Live Demo 🎙️ | Live Usage on Real Site 🚀
Features
- 🎙️ Real-time audio transcription from microphone
- 🌐 Runs entirely in the browser (no server required)
- 📦 Multiple Whisper model options (tiny, base, quantized versions)
- 💾 Automatic model caching in IndexedDB
- 🔧 Simple, promise-based API
- 📱 Works on all modern browsers with WebAssembly support
- 🌍 Platform-independent (same WASM works on all OS)
Installation
NPM Package
npm install whisper-web-transcriber
Or using yarn:
yarn add whisper-web-transcriber
CDN Usage (Bundled Version)
<script src="https://unpkg.com/whisper-web-transcriber/dist/index.bundled.min.js"></script>
Quick Start
Using NPM Package
import { WhisperTranscriber } from 'whisper-web-transcriber';
const transcriber = new WhisperTranscriber({
modelSize: 'base-en-q5_1',
onTranscription: (text) => {
console.log('Transcribed:', text);
}
});
await transcriber.loadModel();
await transcriber.startRecording();
Using CDN (Bundled Version)
<script src="https://unpkg.com/whisper-web-transcriber/dist/index.bundled.min.js"></script>
<script>
const transcriber = new WhisperTranscriber.WhisperTranscriber({
modelSize: 'base-en-q5_1',
onTranscription: (text) => {
console.log('Transcribed:', text);
}
});
transcriber.loadModel().then(() => {
transcriber.startRecording();
});
</script>
API Reference
Constructor Options
interface WhisperConfig {
modelUrl?: string;
modelSize?: 'tiny.en' | 'base.en' | 'tiny-en-q5_1' | 'base-en-q5_1';
sampleRate?: number;
audioIntervalMs?: number;
onTranscription?: (text: string) => void;
onProgress?: (progress: number) => void;
onStatus?: (status: string) => void;
debug?: boolean;
}
Methods
loadModel(): Promise<void>
- Downloads and initializes the Whisper model
startRecording(): Promise<void>
- Starts microphone recording and transcription
stopRecording(): void
- Stops recording
destroy(): void
- Cleanup resources
getServiceWorkerCode(): string | null
- Returns the COI service worker code (bundled version only)
getCrossOriginIsolationInstructions(): string
- Returns setup instructions for Cross-Origin Isolation
Model Options
tiny.en | 75 MB | Fastest, lower accuracy |
base.en | 142 MB | Better accuracy, slower |
tiny-en-q5_1 | 31 MB | Quantized tiny model, smaller size |
base-en-q5_1 | 57 MB | Quantized base model, good balance |
Browser Requirements
- WebAssembly support
- SharedArrayBuffer support (requires Cross-Origin Isolation)
- Microphone access permission
- Modern browser (Chrome 90+, Firefox 89+, Safari 15+, Edge 90+)
Cross-Origin Isolation Setup
WhisperTranscriber requires SharedArrayBuffer, which needs Cross-Origin Isolation.
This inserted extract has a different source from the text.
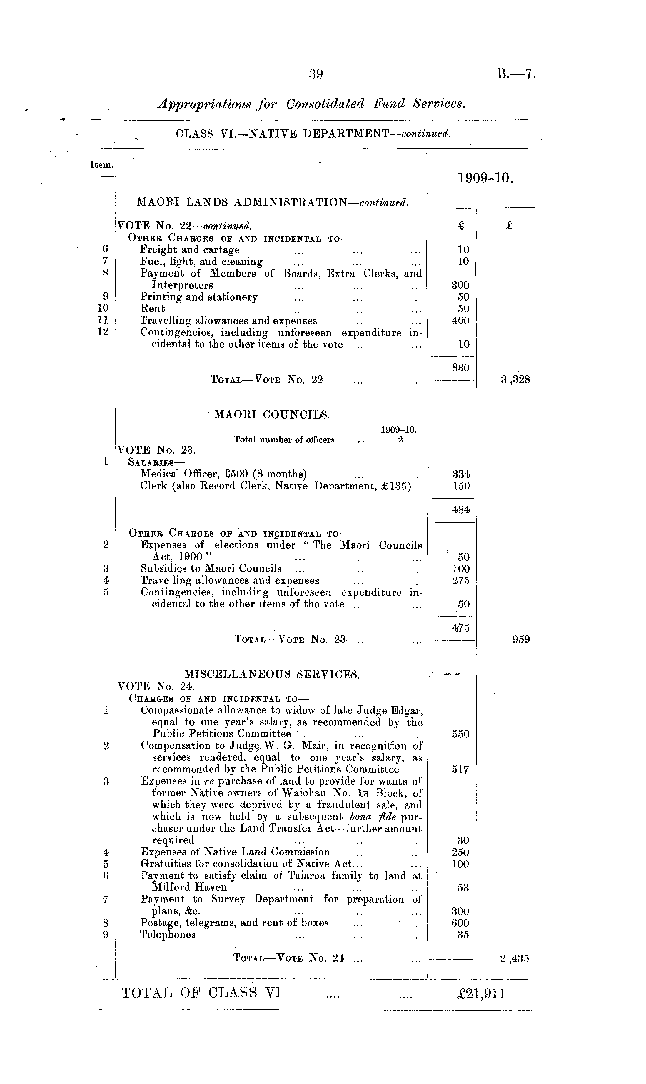 [tern. 1909-10. MAORI LANDS ADMINISTRATION— continued. 6 7 89 10 11 12 VOTE No. 22— continued. Other Charges op and incidental to — Freight and cartage Fuel, light, and cleaning Payment of Members of Boards, Extra Clerks, and Interpreters Printing and stationery Rent Travelling allowances and expenses Contingencies, including unforeseen expenditure incidental to the other items of the vote ... £ 10 10 300 50 50 400 £ Total—Vote No. 22 10 830 3,328 MAORI COUNCILS. 1909-10. Total number of officers .. 2 VOTE No. 23. Salaries — Medical Officer, £500 (8 months) Clerk (also Record Clerk, Native Department, £135) 334 150 484 2 3 4 5 Other Charges op and incidental to — Expenses of elections under " The Maori Councils Act, 1900" Subsidies to Maori Councils Travelling allowances and expenses Contingencies, including unforeseen expenditure incidental to the other items of the vote ... 50 100 275 50 959 Total—Vote No. 23 ... 475 2 3 MISCELLANEOUS SERVICES. VOTE No. 24. Charges op and incidental to — Compassionate allowance to widow of late Judge Edgar, equal to one year's salary, as recommended by the Public Petitions Committee ... Compensation to Judge, W. G. Mair, in recognition of services rendered, equal to one 3 r ear's salary, as recommended by the Public Petitions Committee ... Expenses in re purchase of laud to provide for wants of former Native owners of Waiohau No. 1b Block, of which they were deprived by a fraudulent sale, and which is now held by a subsequent bona fide purchaser under the Land Transfer Act —further amount required Expenses of Native Land Commission Gratuities for consolidation of Native Act... Payment to satisfy claim of Taiaroa family to land at Milford Haven Payment to Survey Department for preparation of* plans, &c. Postage, telegrams, and rent of boxes Telephones 550 517 4 5 0 30 250 100 7 53 8 !) 300 600 35 Total —Vote No. 24 ... 2,435 TOTAL OF CLASS VI £2 911

You have two options:
Configure your server to send these headers:
Cross-Origin-Embedder-Policy: require-corp
Cross-Origin-Opener-Policy: same-origin
Option 2: Service Worker
If you can't modify server headers, use the included service worker:
For NPM users:
<script src="node_modules/whisper-web-transcriber/dist/coi-serviceworker.js"></script>
For CDN users:
const transcriber = new WhisperTranscriber.WhisperTranscriber();
const swCode = transcriber.getServiceWorkerCode();
Important: Service workers must be served from the same origin as your page. CDN users cannot directly use the service worker from unpkg.
For local development:
npm run demo
For production (examples):
Vercel (vercel.json
):
{
"headers": [
{
"source": "/(.*)",
"headers": [
{
"key": "Cross-Origin-Embedder-Policy",
"value": "require-corp"
},
{
"key": "Cross-Origin-Opener-Policy",
"value": "same-origin"
}
]
}
]
}
Nginx:
add_header Cross-Origin-Embedder-Policy "require-corp" always;
add_header Cross-Origin-Opener-Policy "same-origin" always;
Complete Examples
Example 1: Using NPM Package
<!DOCTYPE html>
<html>
<head>
<title>Whisper Transcriber - NPM Version</title>
<script src="node_modules/whisper-web-transcriber/dist/coi-serviceworker.js"></script>
</head>
<body>
<button id="start">Start Recording</button>
<button id="stop">Stop Recording</button>
<div id="transcription"></div>
<script type="module">
import { WhisperTranscriber } from './node_modules/whisper-web-transcriber/dist/index.esm.js';
const transcriber = new WhisperTranscriber({
modelSize: 'tiny-en-q5_1',
onTranscription: (text) => {
document.getElementById('transcription').textContent += text + ' ';
}
});
document.getElementById('start').onclick = async () => {
await transcriber.loadModel();
await transcriber.startRecording();
};
document.getElementById('stop').onclick = () => {
transcriber.stopRecording();
};
</script>
</body>
</html>
Example 2: Using CDN (Bundled Version)
<!DOCTYPE html>
<html>
<head>
<title>Whisper Transcriber - CDN Version</title>
</head>
<body>
<button id="start">Start Recording</button>
<button id="stop">Stop Recording</button>
<div id="transcription"></div>
<script src="https://unpkg.com/whisper-web-transcriber/dist/index.bundled.min.js"></script>
<script>
const transcriber = new WhisperTranscriber.WhisperTranscriber({
modelSize: 'tiny-en-q5_1',
onTranscription: (text) => {
document.getElementById('transcription').textContent += text + ' ';
}
});
if (!window.crossOriginIsolated) {
console.log(transcriber.getCrossOriginIsolationInstructions());
}
document.getElementById('start').onclick = async () => {
await transcriber.loadModel();
await transcriber.startRecording();
};
document.getElementById('stop').onclick = () => {
transcriber.stopRecording();
};
</script>
</body>
</html>
Bundled vs Standard Version
Bundled Version (index.bundled.js
)
- ✅ Single file - All workers and dependencies included
- ✅ CDN-friendly - No CORS issues with web workers
- ✅ Zero configuration - Works out of the box (except for Cross-Origin Isolation)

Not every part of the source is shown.